- **Task goal**
Give again only the lines from the line that holds "바로 알아보세요. 💡" to the end of the data, inclusive, omitting all pictures.

======== Source material

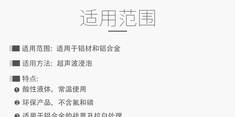 本品属于不含氟的酸性液体,适用于铝材和铝合金,特别是压铸铝的洗白、洗灰处理和铝合金的祛霉及拉白处理。
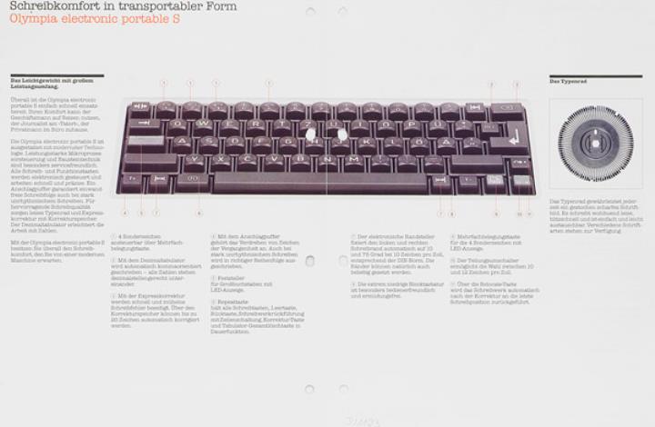 Faltprospekt für Schreibmaschine Olympia electronic portable S Schreibkomfort für zuhause und auf Reisen Nr. 5/11 039/01
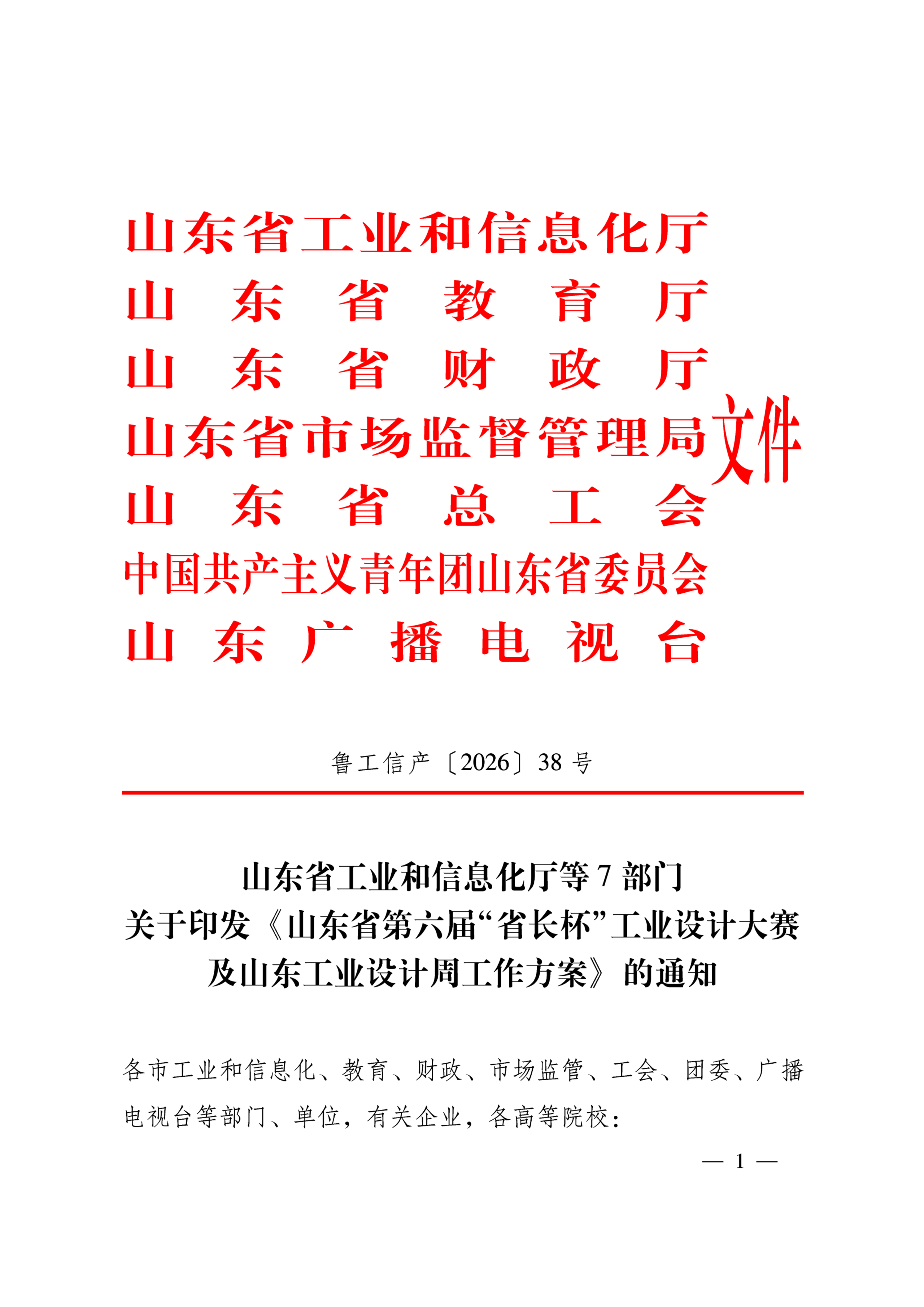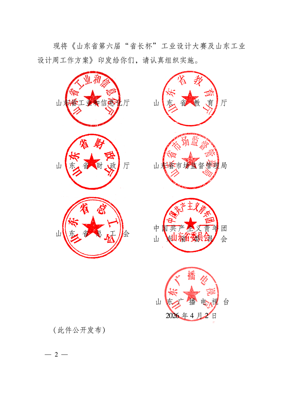 山东省工业和信息化厅等7部门关于印发《山东省第六届“省长杯”工业设计大赛及山东工业设计周工作方案》的通知
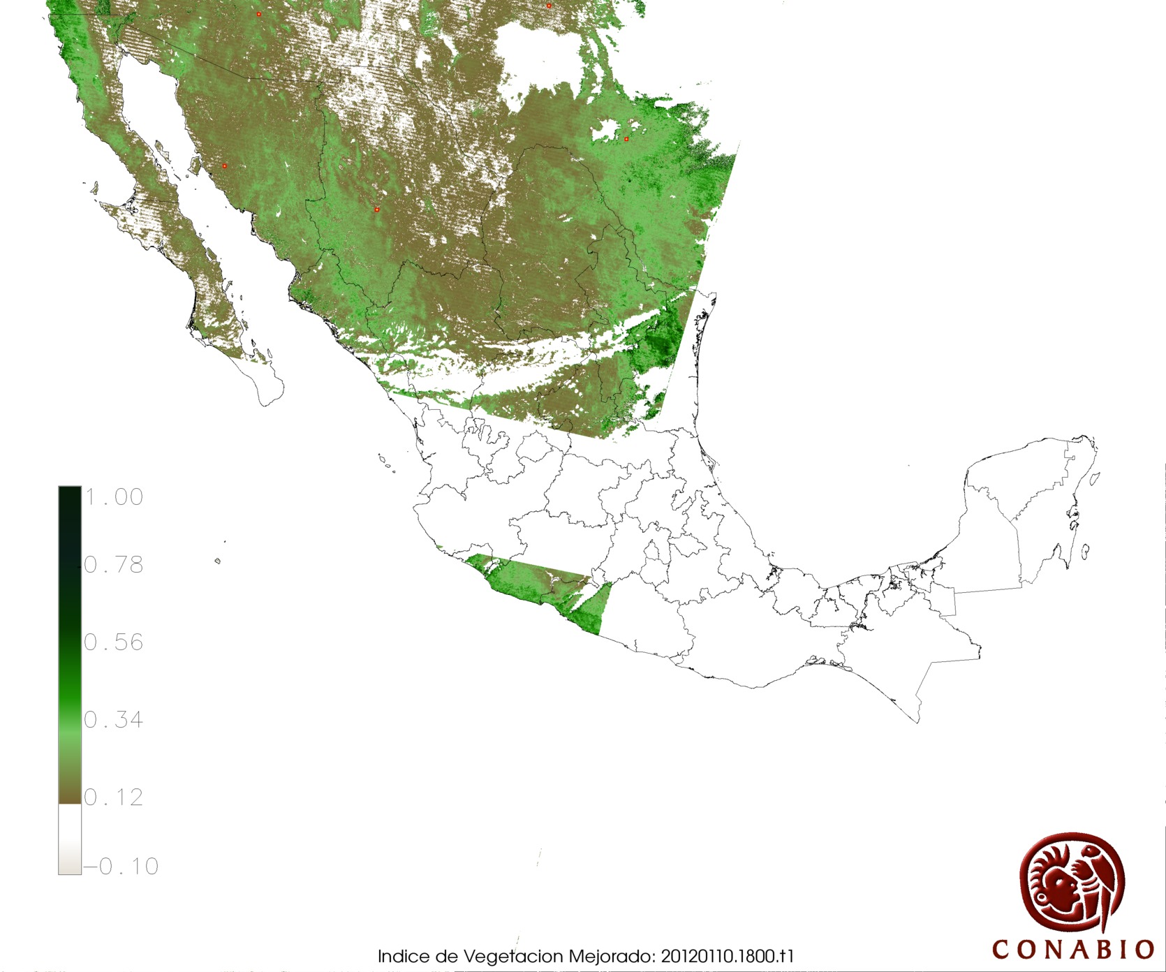 Nubosidad en el terreno:9% Nubosidad sobre México:5% Datos nulos en la escena:0% Datos nulos sobre México:0% |
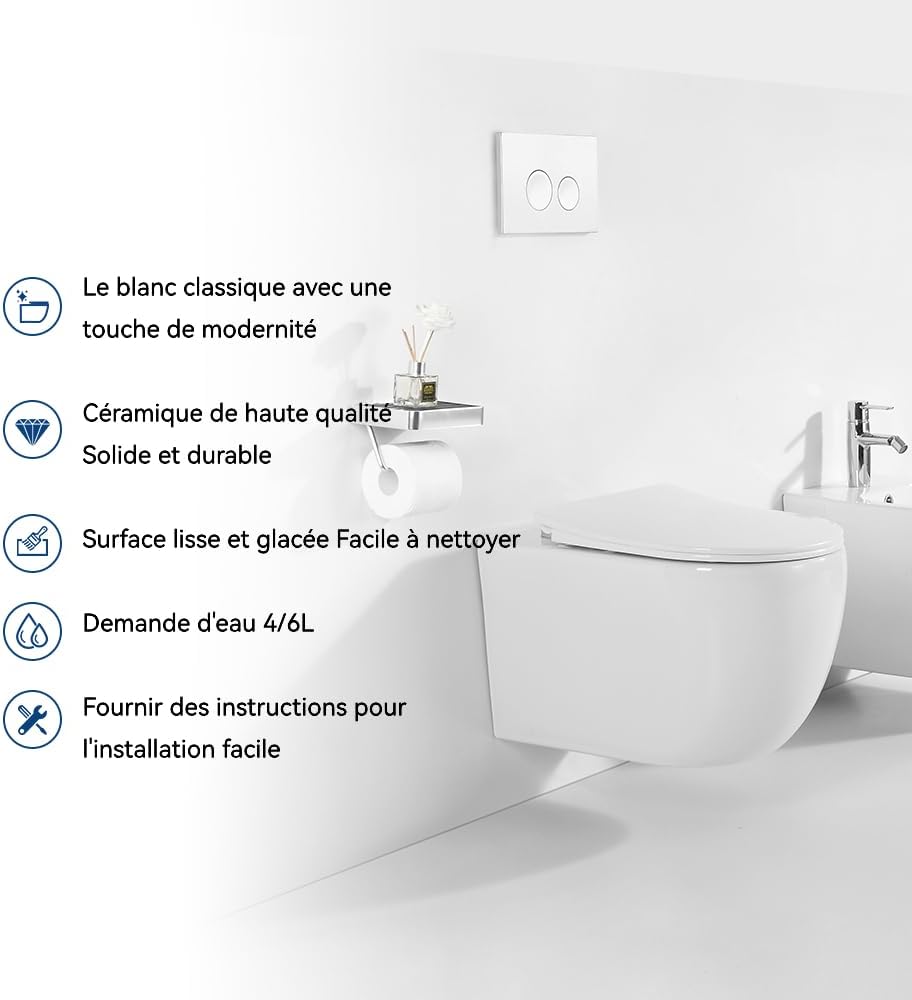 Die antifouling Glasur verhindert Schmutz- und Bakterienablagerungen, während das spülrandlose Design eine einfache Reinigung ermöglicht.
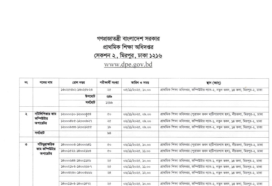 Directorate of Primary Education DPE Job Practical Test Date 2025:
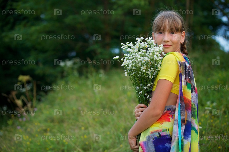 Девушка европейской внешности в традиционном индийском сари с букетом белых цветов на поляне
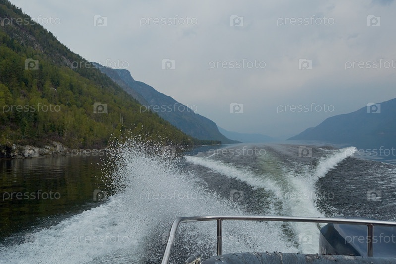 Живописный вид на Телецкое озеро, Алтай. Прогулка на лодке по озеру, вид на горы с лодки, волны в виде китового хвоста
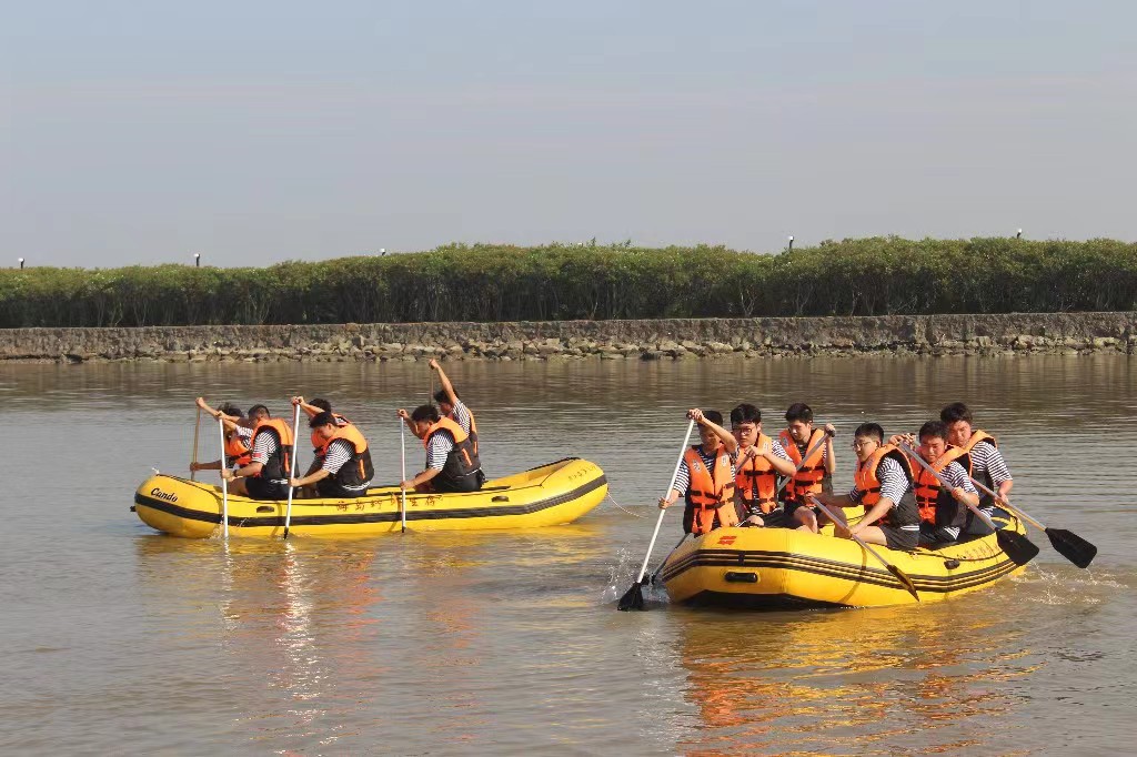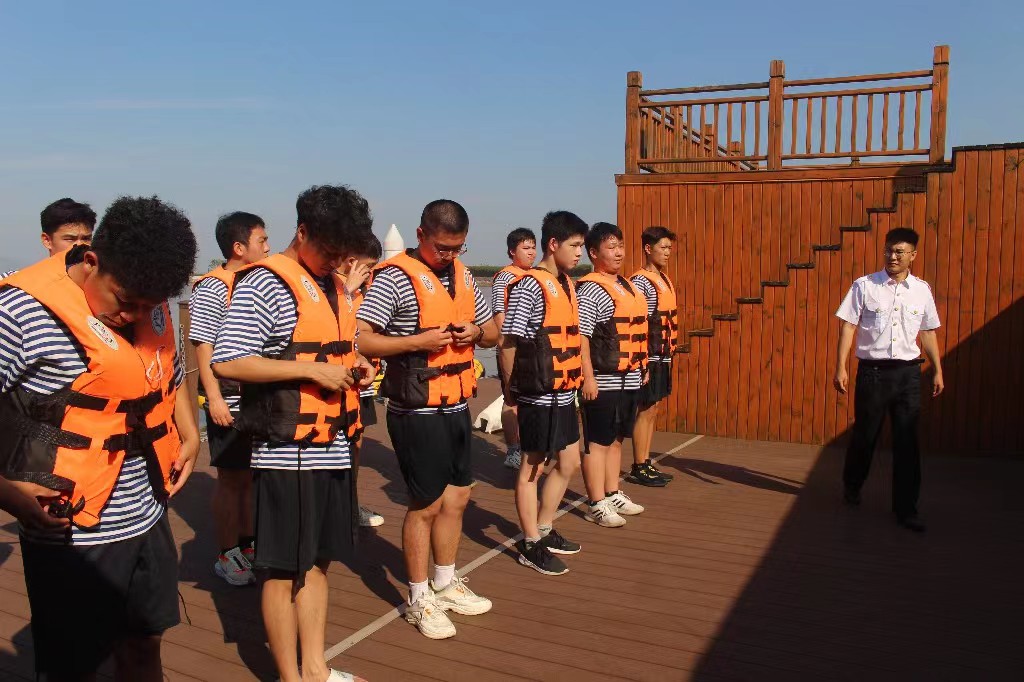 6月23日下午,学院组织同学们在揽月湖上举行了一场别开生面的操艇实训。学院特别邀请了有多年航海经验的张洪刚老师和有多年船员培训经验的朱鹏飞老师来为同学们讲解救生衣穿着、撇缆、打绳结等海员必备技能。参加实训的两组同学在专业教师的指导下,穿好就救生衣,迅速登船,展开了一场你追我逐的操艇接力。大家在揽月湖上努力控制着船舶前进方向,成功划到岸边,用刚刚学过的绳结系法将橡皮艇固定好,下船、集合一气呵成,在炎炎烈日下,同学们在学习技能的同时也体会到了海员的辛苦于不易。
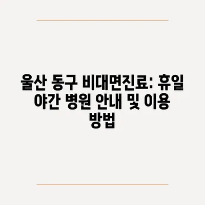 💡 울산 동구 비대면 진료 서비스와 예약 방법을 바로 알아보세요. 💡
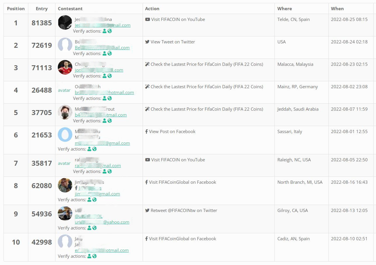 The last Giveaway of FUT 22 has come to an end. Thanks for everyone spending the time to join every event at FIFACOIN! Let's see the list of WINNERS together.The 10 winners have been randomly chosen by the third party Gleam. The higher the participation, the greater the chance of being selected! Check the prizes as follow now,
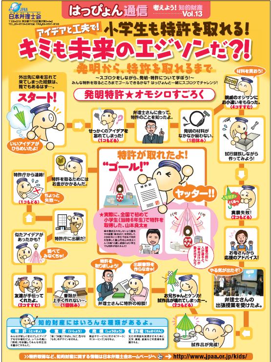 日本弁理士会では、若年層に広く知的財産のについて知ってもらうこと、教育関係者が知的財産に関し指導する際の支援を行うことを目的として、「はっぴょん通信」を作成しています。
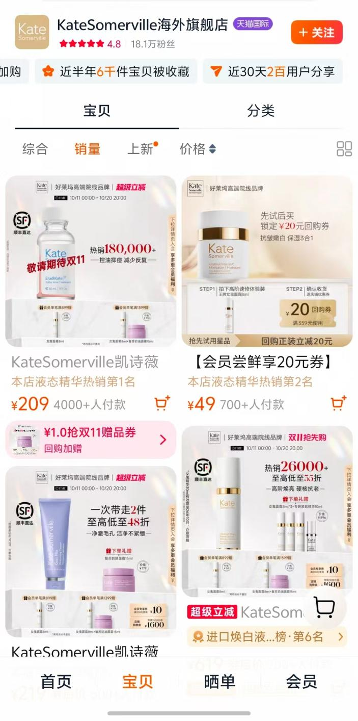 截至目前,凯诗薇在天猫国际海外旗舰店粉丝量为18.1万,店内共有28个商品链接,其中销量最高的产品为凯诗薇祛痘精华液,月销量最高为6000+件,整体市场表现较为平淡。

================

- **Output**
 💡 울산 동구 비대면 진료 서비스와 예약 방법을 바로 알아보세요. 💡
 The last Giveaway of FUT 22 has come to an end. Thanks for everyone spending the time to join every event at FIFACOIN! Let's see the list of WINNERS together.The 10 winners have been randomly chosen by the third party Gleam. The higher the participation, the greater the chance of being selected! Check the prizes as follow now,
 日本弁理士会では、若年層に広く知的財産のについて知ってもらうこと、教育関係者が知的財産に関し指導する際の支援を行うことを目的として、「はっぴょん通信」を作成しています。
 截至目前,凯诗薇在天猫国际海外旗舰店粉丝量为18.1万,店内共有28个商品链接,其中销量最高的产品为凯诗薇祛痘精华液,月销量最高为6000+件,整体市场表现较为平淡。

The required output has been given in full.